- Occupations: Librarian, advocate, and scholar

= Oralia Garza de Cortes =

Oralia Garza de Cortes is a librarian, advocate, bibliographer, and scholar. She has been honored by REFORMA with the Lifetime Achievement Award which recognizes excellence in librarianship over a career for one who has made significant and lasting contributions to Latino and Spanish-speaking communities.

She served as the president of REFORMA from 2000 to 2001. She is also a cofounder with Sandra Rios Balderrama of the Pura Belpré Award, named after New York Public Library's first Latina librarian, which honors outstanding Latino authors and illustrators who create works for children. She holds a Master's of Library and Information Science from the University of Texas at Austin, obtained in 1988.

==Career==
She currently works Austin, Texas as a Latino Children's Literature Consultant. She works to ensure equity of access to books, library services, and book publishing. Specifically, Garza de Cortes advocates for Latino children's access and publishing standards for books written by and featuring Latino protagonists and storylines.
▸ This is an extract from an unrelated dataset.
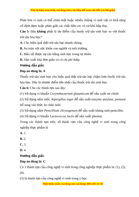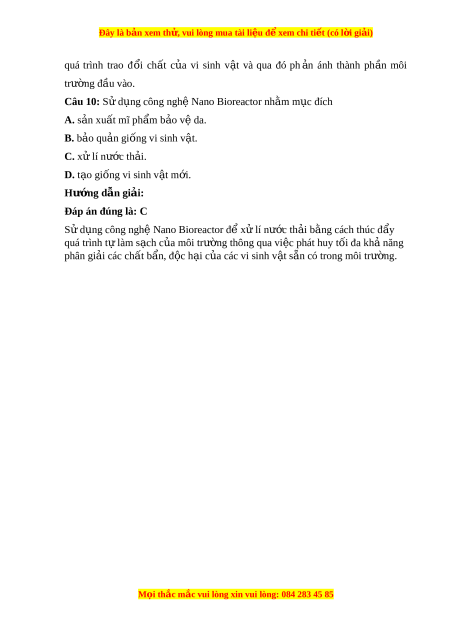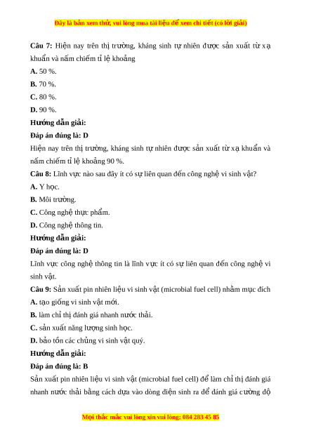 Đây là bản xem th , vu ử i lòng mua tài li u ệ đ xe ể m chi ti t (c ế ó l i ờ gi i ả ) Câu 7: Hi n ệ nay trên th itrư ng, ờ kháng sinh t ự nhiên đư c ơ s n ả xu t ấ t ư xa khuẩn và nấm chi m ế ti l kho ệ ng ả A. 50 %. B. 70 %. C. 80 %. D. 90 %. Hư ng d ớ ẫn gi i ả : Đáp án đúng là: D Hiện nay trên th i trư ng, ờ kháng sinh t ự nhiên đư c ơ s n ả xu t ấ t ư x a khu n ẩ và nấm chi m ế ti l kho ệ ng 90 % ả . Câu 8: Lĩnh v c ự nào sau đây it có s l ự iên quan đ n ế công ngh v ệ i sinh v t ậ ? A. Y h c. ọ B. Môi trư ng. ờ C. Công ngh t ệ h c ự ph m ẩ . D. Công ngh t ệ hông tin. Hư ng d ớ ẫn gi i ả : Đáp án đúng là: D Lĩnh v c ự công ngh ệ thông tin là lĩnh v c ự it có s ự liên quan đ n ế công ngh ệ vi sinh v t ậ . Câu 9: S n xu ả ất pin nhiên li u vi ệ sinh v t ậ (microbial fuel cell) nh m ă m c đi ụ ch A. t o a giống vi sinh v t ậ m i ớ . B. làm chi th đánh i giá nhanh nư c t ớ h i ả . C. s n xu ả ất năng lư ng s ơ inh h c. ọ D. b o ả tôn các ch ng vi u sinh v t ậ quy. Hư ng d ớ ẫn gi i ả : Đáp án đúng là: B S n ả xu t ấ pin nhiên li u ệ vi sinh v t ậ (microbial fuel cell) đ ê làm ch ith iđánh giá nhanh nư c ớ th i ả b ng ă cách d a ự vào dong đi n ệ sinh ra đ ê đánh giá cư ng ờ đô M i ọ thắc m c

However, Garza de Cortes works to represent marginalized and disadvantaged children outside of the Latino community as well. She has worked toward providing information access and literacy advocacy for child refugees recently, and spoke about this work at the 2016 ALA annual conference in Orlando, Florida. Garza de Cortes has served on the Caldecott Committee in the year 2000 and the board of directors of Association for Library Service to Children, and was the first Latina in either of those positions.

==Honors, decorations, awards and distinctions==

- 2012. Advocacy Award from the Joint Conference of Librarians of Color.
- 2013."Women in Library History" by the Feminist Task Force of the American Library Association.
- 2015. Library Journal's Movers and Shakers. Garza de Cortes worked with Lucía Gonzalez and Patrick Sullivan to create a program to provide books and backpacks to children in detention centers working through immigration processes or awaiting deportation.
- 2022. Elizabeth Martinez Lifetime Achievement Award by REFORMA.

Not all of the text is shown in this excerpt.